🐍 Python API Reference

Piper provides a clean and simple Python API for integrating text-to-speech capabilities directly into your applications.

Prerequisites

Ensure you have installed Piper and downloaded a voice model.

pip install piper-tts
python3 -m piper.download_voices en_US-lessac-medium

Basic Synthesis

The primary class for interacting with Piper is PiperVoice. You can load a voice model and synthesize text to a WAV file with just a few lines of code.

import wave
from piper import PiperVoice

# Load the voice model
voice = PiperVoice.load("./en_US-lessac-medium.onnx")

# Synthesize text to a WAV file
with wave.open("output.wav", "wb") as wav_file:
    voice.synthesize_wav("Welcome to the world of speech synthesis!", wav_file)

print("Synthesized audio saved to output.wav")

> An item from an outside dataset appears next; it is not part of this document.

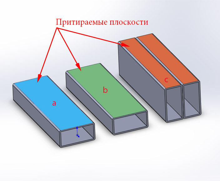 Единственное что изменится, придется убирать проставки или как минимум убирать упорный буртик под рельс. 2 трубы сами по себе (a, b) еще две скручены по бокам струбцинами/болтами (c). Последние, по окончанию работ, разбираются и используются в качестве боковин для крепления рельс оси y, выставляясь в пространстве с помощью "самолета" (мост между двумя опорными поверхностями с рамным уровнем посередине).
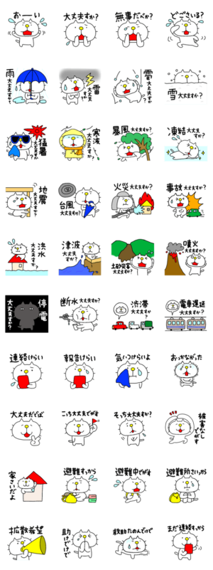 東北訛り(時々気仙沼弁)で、家族や友達へ災害や事故など万が一の事があった時に安否確認のために送るスタンプです。こんなスタンプを送らなくて済む毎日でありますように。

Adjusting Synthesis Parameters

You can customize the synthesis output by providing a SynthesisConfig object to the synthesize_wav method. This allows you to control speed, volume, and variability.

from piper import PiperVoice, SynthesisConfig
import wave

voice = PiperVoice.load("./en_US-lessac-medium.onnx")

# Configure synthesis options
syn_config = SynthesisConfig(
    volume=0.5,           # half as loud
    length_scale=1.5,     # 50% slower
    noise_scale=0.667,    # amount of audio variation
    noise_w_scale=0.8,    # amount of speaking variation
    normalize_audio=True  # automatically normalize volume
)

with wave.open("configured_output.wav", "wb") as wav_file:
    voice.synthesize_wav(
        "This is a customized voice.", 
        wav_file,
        syn_config=syn_config
    )

GPU Acceleration (CUDA)

To use a CUDA-enabled GPU for faster inference, you must first install the onnxruntime-gpu package:

pip install onnxruntime-gpu

Then, set the use_cuda flag to True when loading the voice:

voice = PiperVoice.load("./en_US-lessac-medium.onnx", use_cuda=True)

Streaming Audio

For real-time applications, you can stream audio by iterating over the chunks produced by the synthesize method. Each AudioChunk object contains raw 16-bit integer audio bytes.

from piper import PiperVoice

voice = PiperVoice.load("./en_US-lessac-medium.onnx")

# The synthesize method returns an iterator of AudioChunk objects
for chunk in voice.synthesize("This audio is being streamed chunk by chunk."):
    # chunk.audio_int16_bytes contains the raw audio data
    # You can write this to a file, play it, or send it over a network
    print(f"Received audio chunk of {len(chunk.audio_int16_bytes)} bytes.")
    # Example: my_audio_player.write(chunk.audio_int16_bytes)

Each AudioChunk also provides metadata:

  • chunk.sample_rate (e.g., 22050)
  • chunk.sample_width (bytes per sample, e.g., 2 for 16-bit)
  • chunk.num_channels (e.g., 1 for mono)